# Where to start ?



## tch7 (Oct 13, 2008)

We have just decided to make the move to Canada, so have been spending hours reading through pages of info on applying for visa’s, getting jobs and the correct producers that need to be followed, most of which then seen to result in a large fee. Are these genuine and is it the only way to apply or can you do it yourself? And are there any set rules to which forms you need to complete?


----------



## Bevdeforges (Nov 16, 2007)

Be sure you're looking at the Canadian government pages on visas (Welcome Page | Page d'accueil) and not those of the many immigration agencies. But applying for a visa is not free by any means, even when you do it for yourself.
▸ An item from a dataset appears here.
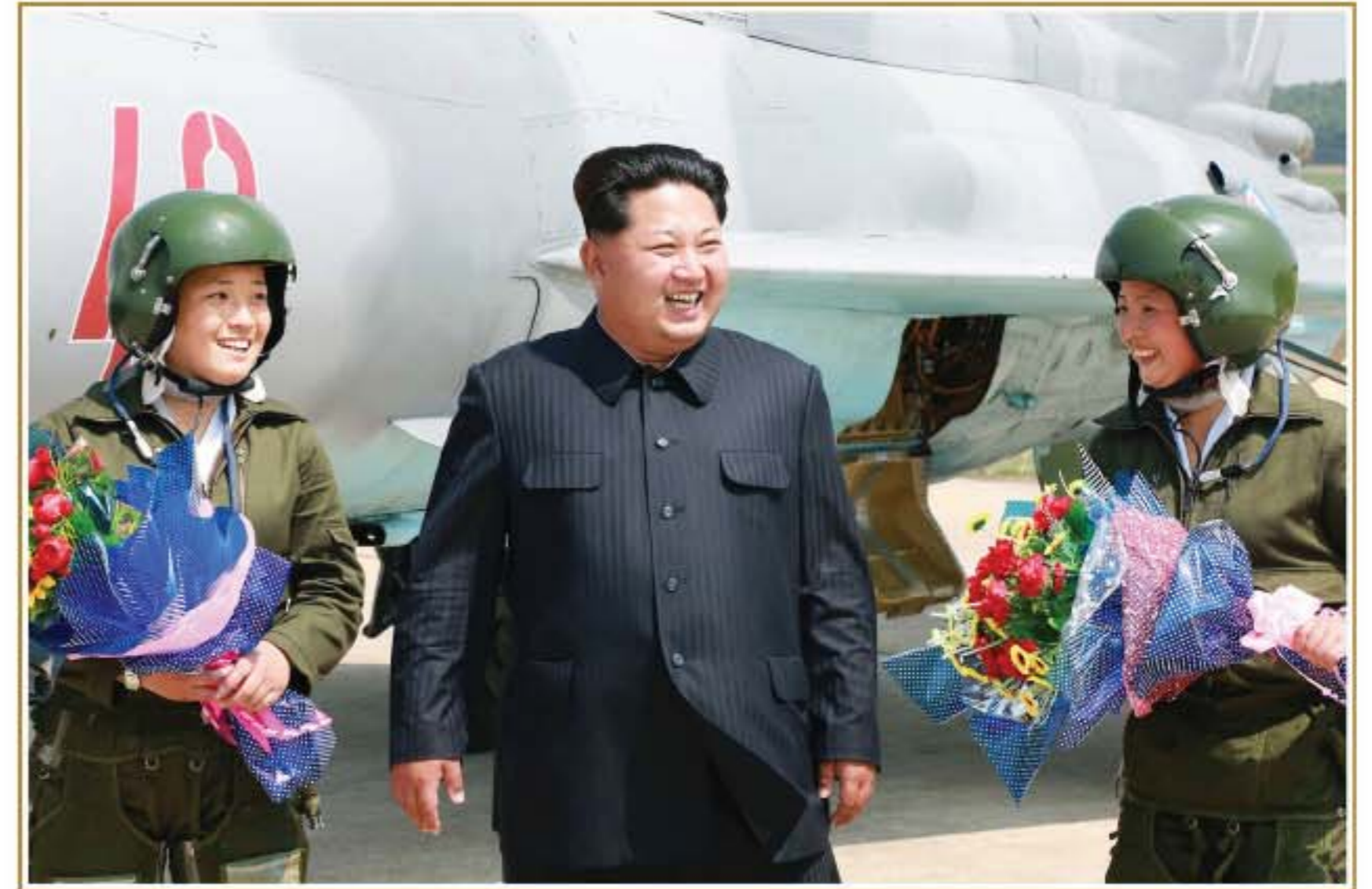
Kim Jong Un congratulates women pilots of supersonic fighters on their successful flight drills [June Juche 104 (2015)].

soldiers, acquaints himself with their living conditions and takes necessary measures. Caring for their innermost thought to be reluctant to part with him, he has photos taken with them for a long time, standing every one of them

It depends on your circumstances whether or not you will need assistance. If you fall into a skill group that is sought after in Canada, it's a waste of money to pay someone to fill out the paperwork for you. If you have "touchy" circumstances of any kind, an immigration agent can be worth his or her weight in gold.
Cheers,
Bev


----------



## tch7 (Oct 13, 2008)

Thanks,

Is there any way of finding out which the sought after jobs are in a certain area?

I’m in construction and the girlfriend is a primary teacher, we are hoping to move to the Calgary area, can you give any indication of job availability and the cost of living in this area?


----------



## Bevdeforges (Nov 16, 2007)

Other folks will have other ideas, but I usually check the job ads in the online newspapers for the area I'm interested in. It's a quick and dirty way to get an idea what sorts of job skills are in high demand (or not), though I realize not all employers advertise in the newspapers these days.
Cheers,
Bev


----------